In the records that follow, find the line with "Рассмотрим частный, но"; from there, retype every line exactly through the line with "W ubiegłym tygodniu", which also belongs to the answer.

▸ **MATERIAL TO PROCESS**:
***

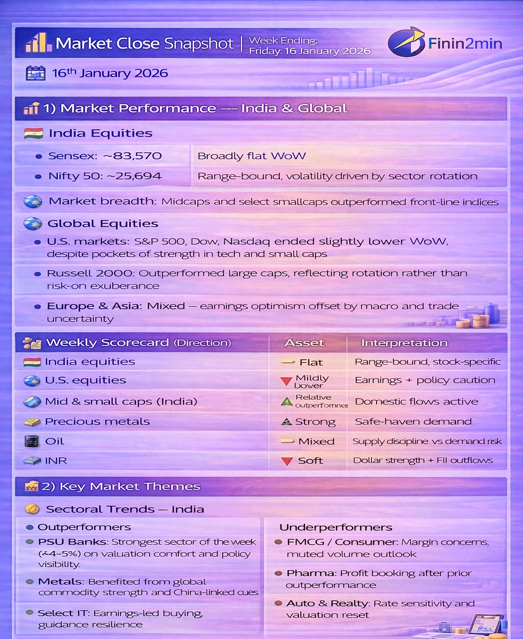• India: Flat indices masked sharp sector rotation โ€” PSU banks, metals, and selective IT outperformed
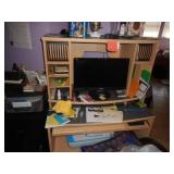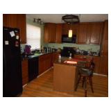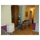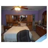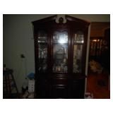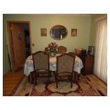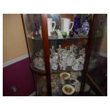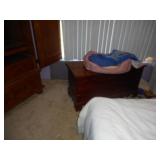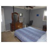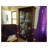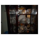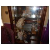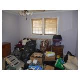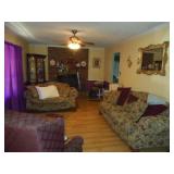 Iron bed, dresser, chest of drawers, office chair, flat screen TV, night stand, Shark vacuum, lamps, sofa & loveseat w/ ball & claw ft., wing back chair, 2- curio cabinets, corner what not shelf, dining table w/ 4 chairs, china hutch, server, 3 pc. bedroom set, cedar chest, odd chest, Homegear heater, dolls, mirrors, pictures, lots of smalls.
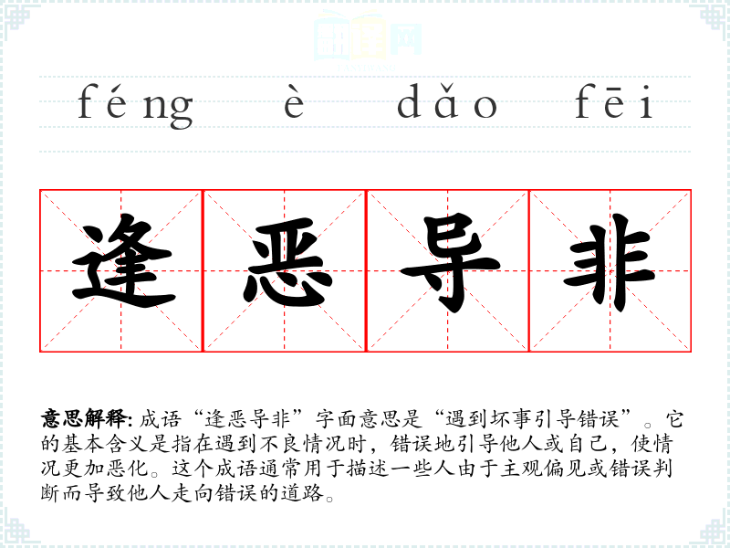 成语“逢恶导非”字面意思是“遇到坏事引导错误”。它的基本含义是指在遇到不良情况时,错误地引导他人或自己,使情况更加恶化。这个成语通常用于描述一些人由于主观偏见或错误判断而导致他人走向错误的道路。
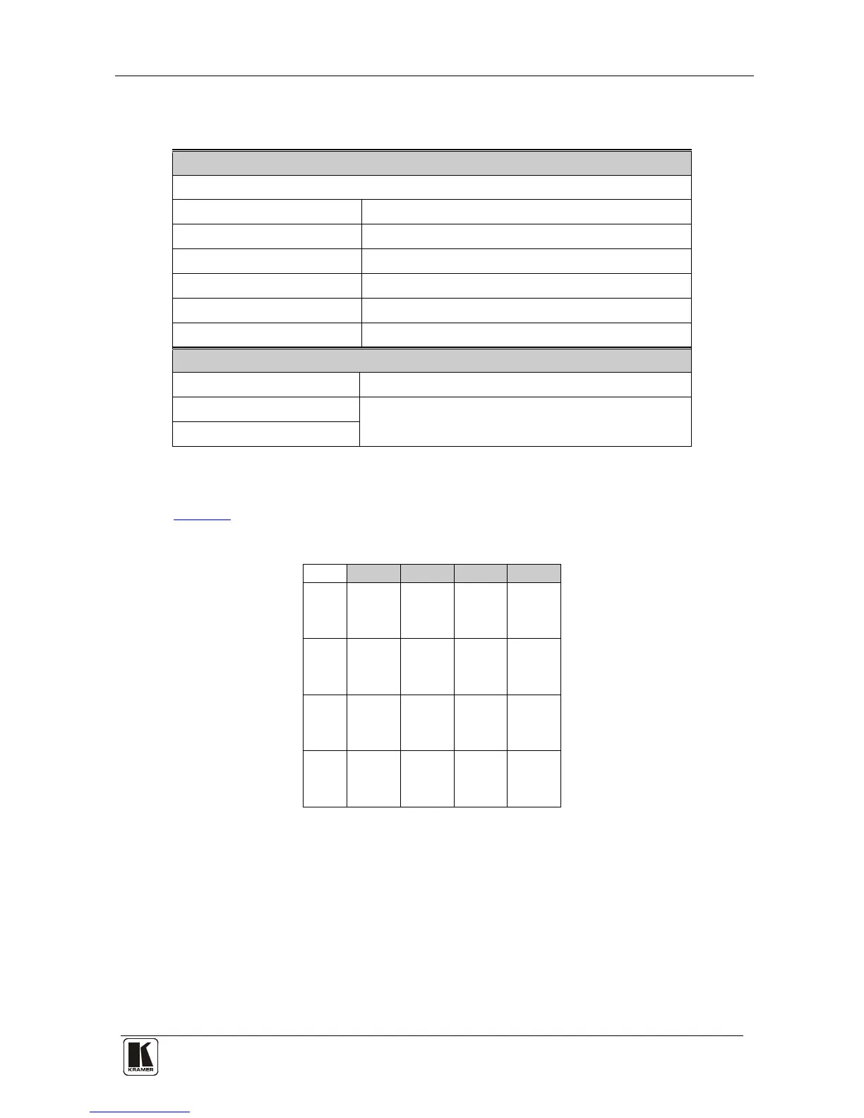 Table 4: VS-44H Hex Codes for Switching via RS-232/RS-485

***

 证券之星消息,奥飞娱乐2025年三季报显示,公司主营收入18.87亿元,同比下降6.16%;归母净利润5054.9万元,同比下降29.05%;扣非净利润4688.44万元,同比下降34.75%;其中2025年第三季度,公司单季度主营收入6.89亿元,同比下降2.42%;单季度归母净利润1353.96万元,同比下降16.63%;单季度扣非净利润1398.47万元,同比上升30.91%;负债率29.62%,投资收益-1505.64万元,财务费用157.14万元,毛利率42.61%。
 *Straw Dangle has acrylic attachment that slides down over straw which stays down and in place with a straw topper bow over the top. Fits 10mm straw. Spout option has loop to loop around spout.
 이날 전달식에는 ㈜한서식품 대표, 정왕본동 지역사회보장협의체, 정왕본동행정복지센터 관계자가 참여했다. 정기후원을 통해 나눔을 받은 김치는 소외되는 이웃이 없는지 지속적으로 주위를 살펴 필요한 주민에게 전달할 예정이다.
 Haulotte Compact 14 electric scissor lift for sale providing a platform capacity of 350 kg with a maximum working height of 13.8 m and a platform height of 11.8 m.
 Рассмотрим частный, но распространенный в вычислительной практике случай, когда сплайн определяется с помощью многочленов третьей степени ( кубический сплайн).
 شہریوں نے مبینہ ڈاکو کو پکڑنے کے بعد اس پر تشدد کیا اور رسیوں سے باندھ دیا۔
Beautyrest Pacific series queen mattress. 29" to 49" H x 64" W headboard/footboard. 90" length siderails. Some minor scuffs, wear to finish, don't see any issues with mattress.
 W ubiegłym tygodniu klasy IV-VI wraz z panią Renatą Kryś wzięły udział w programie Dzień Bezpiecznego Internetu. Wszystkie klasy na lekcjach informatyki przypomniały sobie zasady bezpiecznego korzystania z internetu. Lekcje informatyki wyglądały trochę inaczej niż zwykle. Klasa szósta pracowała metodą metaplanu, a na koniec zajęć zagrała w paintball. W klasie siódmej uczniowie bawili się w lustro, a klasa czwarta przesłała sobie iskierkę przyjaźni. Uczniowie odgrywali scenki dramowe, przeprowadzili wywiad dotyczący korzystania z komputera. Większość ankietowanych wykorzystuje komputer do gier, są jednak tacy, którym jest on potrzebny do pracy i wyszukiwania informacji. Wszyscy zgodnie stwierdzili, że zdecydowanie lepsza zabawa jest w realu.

***

▸ **THE COMPLETED TASK**:
 Рассмотрим частный, но распространенный в вычислительной практике случай, когда сплайн определяется с помощью многочленов третьей степени ( кубический сплайн).
 شہریوں نے مبینہ ڈاکو کو پکڑنے کے بعد اس پر تشدد کیا اور رسیوں سے باندھ دیا۔
Beautyrest Pacific series queen mattress. 29" to 49" H x 64" W headboard/footboard. 90" length siderails. Some minor scuffs, wear to finish, don't see any issues with mattress.
 W ubiegłym tygodniu klasy IV-VI wraz z panią Renatą Kryś wzięły udział w programie Dzień Bezpiecznego Internetu. Wszystkie klasy na lekcjach informatyki przypomniały sobie zasady bezpiecznego korzystania z internetu. Lekcje informatyki wyglądały trochę inaczej niż zwykle. Klasa szósta pracowała metodą metaplanu, a na koniec zajęć zagrała w paintball. W klasie siódmej uczniowie bawili się w lustro, a klasa czwarta przesłała sobie iskierkę przyjaźni. Uczniowie odgrywali scenki dramowe, przeprowadzili wywiad dotyczący korzystania z komputera. Większość ankietowanych wykorzystuje komputer do gier, są jednak tacy, którym jest on potrzebny do pracy i wyszukiwania informacji. Wszyscy zgodnie stwierdzili, że zdecydowanie lepsza zabawa jest w realu.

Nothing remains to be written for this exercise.